Information shown –
-- Opening Marker --
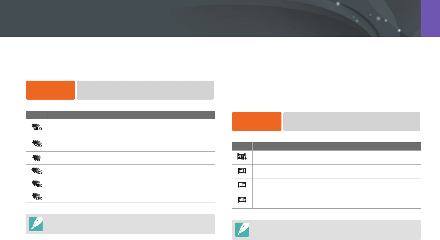 x0.5: Record a video and play it at 1/2 normal speed. (Available
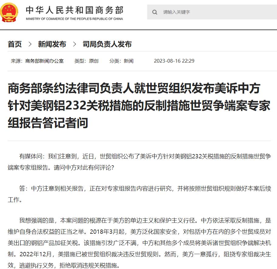 商务部条约法律司负责人就世贸组织发布美诉中方针对美钢铝232关税措施的反制措施世贸争端案专家组报告答记者问:中方依法采取反制措施,是维护自身合法权益的正当之举。中方要求美方立即取消违反世贸规则的钢铝232措施,与其他世贸成员相向而行,共同维护以规则为基础的多边贸易体制。
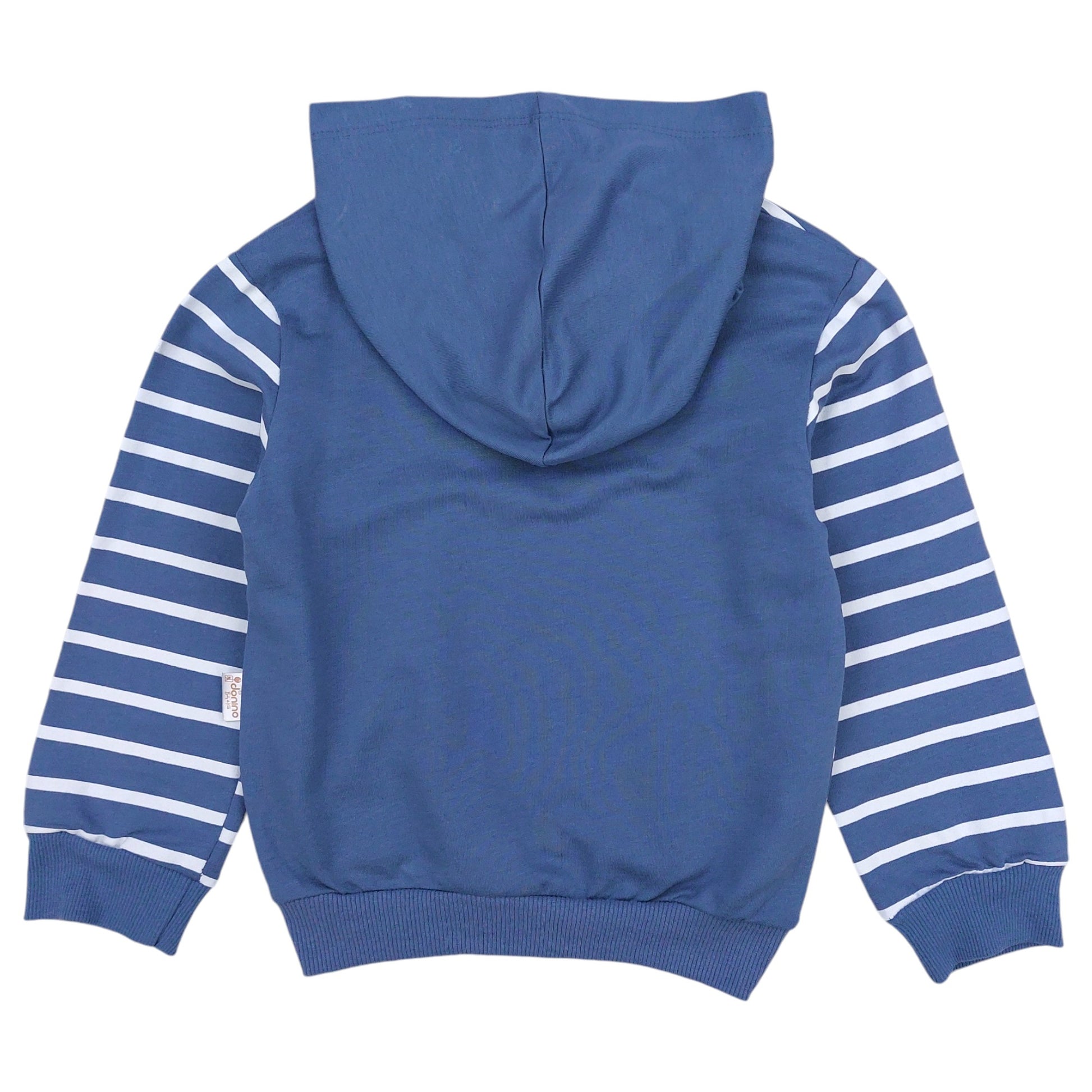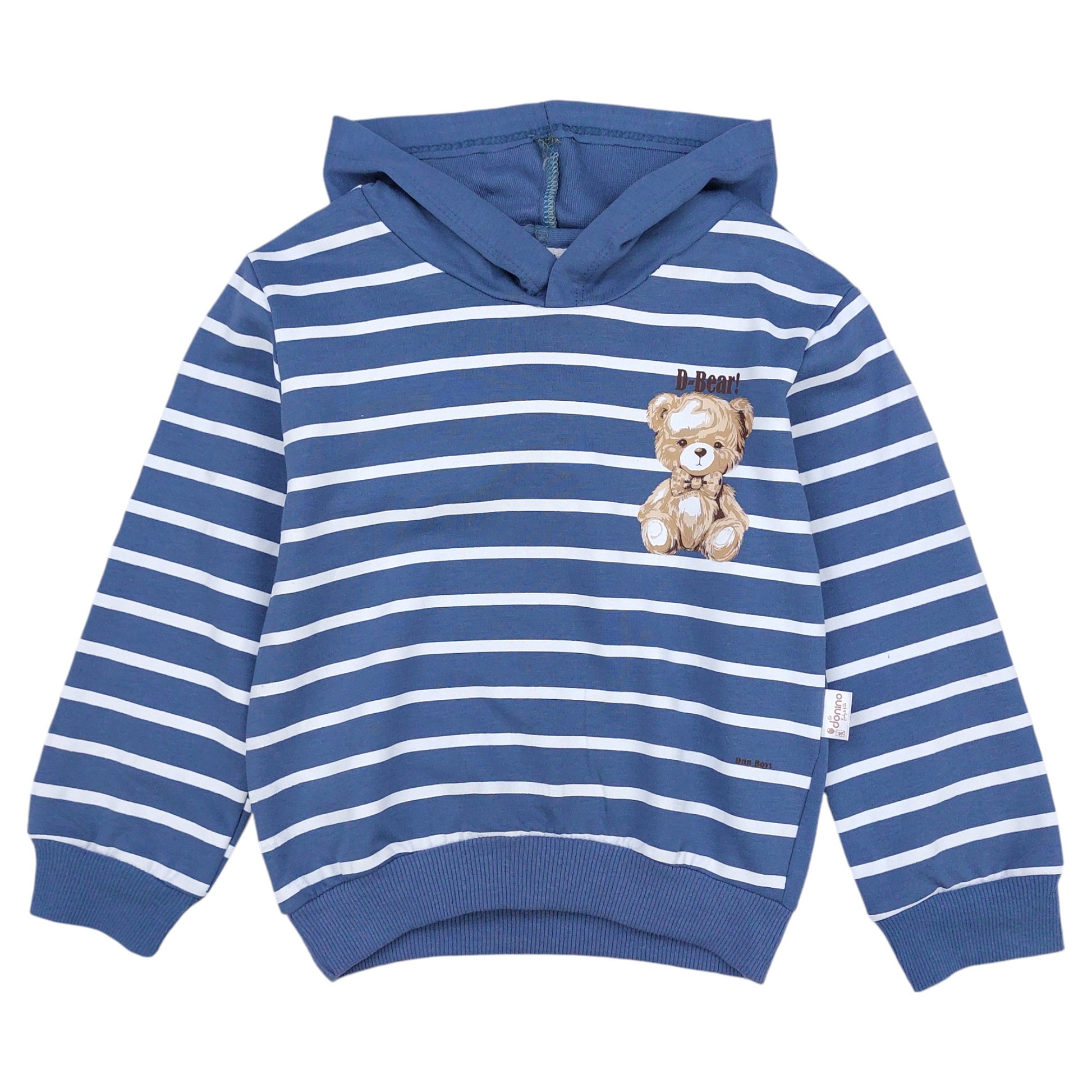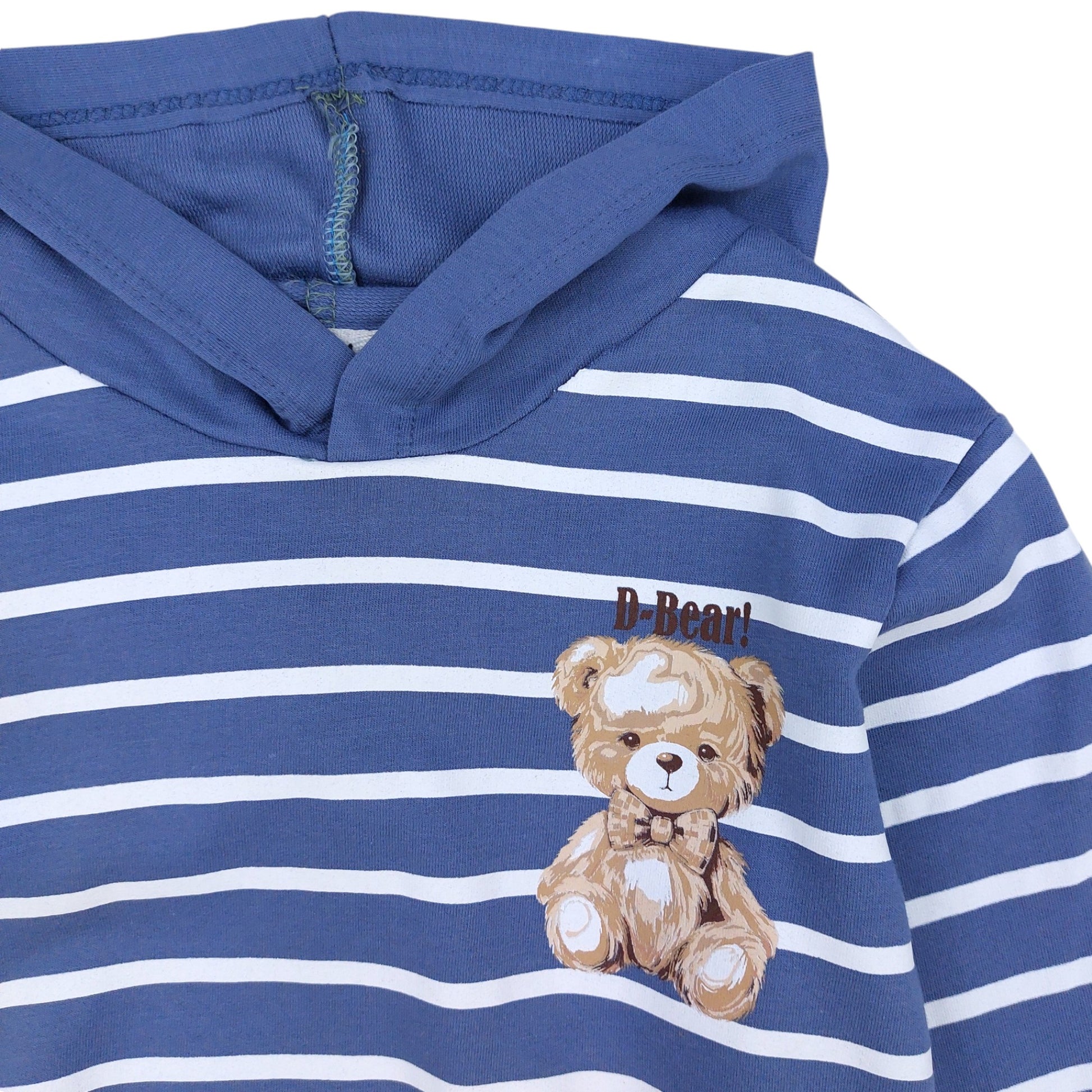 Dres dziecięcy Donino 2-częściowy w kolorze niebieskim, idealny na sezon jesień-zima. Bluza z kapturem ozdobiona uroczym motywem misia oraz paskami w poziomie. Spodnie o wygodnym, elastycznym ściągaczu w pasie. Miękki materiał (95% bawełna, 5% lycra) zapewnia komfort i swobodę ruchów, jednocześnie utrzymując ciepło. To doskonały wybór na codzienne aktywności Twojego dziecka.
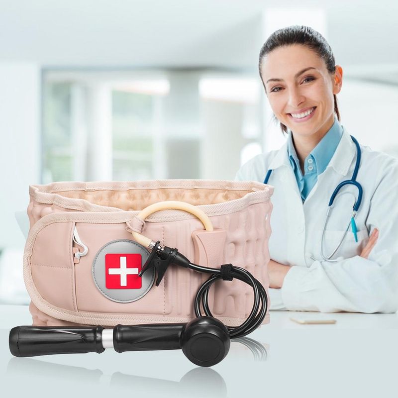 Che indossa la cintura contro la pelle direttamente o su larghi abbigliamento, che indossa la cintura tra il più basso gabbia toracica e hip, allegando la cintura con fermezza, clip pompa su la valvola del gas di la cintura, e poi gonfiare la cinghia di pompaggio la pompa, il più efficace effetto di trazione si ottiene quando il pilastri di cintura di aria sono completamente gonfiato
-- Closing Marker --
Directions for this task –
The listing above is to be retyped word for word, with the pictures omitted.

Answer section –
 x0.5: Record a video and play it at 1/2 normal speed. (Available
 商务部条约法律司负责人就世贸组织发布美诉中方针对美钢铝232关税措施的反制措施世贸争端案专家组报告答记者问:中方依法采取反制措施,是维护自身合法权益的正当之举。中方要求美方立即取消违反世贸规则的钢铝232措施,与其他世贸成员相向而行,共同维护以规则为基础的多边贸易体制。
 Dres dziecięcy Donino 2-częściowy w kolorze niebieskim, idealny na sezon jesień-zima. Bluza z kapturem ozdobiona uroczym motywem misia oraz paskami w poziomie. Spodnie o wygodnym, elastycznym ściągaczu w pasie. Miękki materiał (95% bawełna, 5% lycra) zapewnia komfort i swobodę ruchów, jednocześnie utrzymując ciepło. To doskonały wybór na codzienne aktywności Twojego dziecka.
 Che indossa la cintura contro la pelle direttamente o su larghi abbigliamento, che indossa la cintura tra il più basso gabbia toracica e hip, allegando la cintura con fermezza, clip pompa su la valvola del gas di la cintura, e poi gonfiare la cinghia di pompaggio la pompa, il più efficace effetto di trazione si ottiene quando il pilastri di cintura di aria sono completamente gonfiato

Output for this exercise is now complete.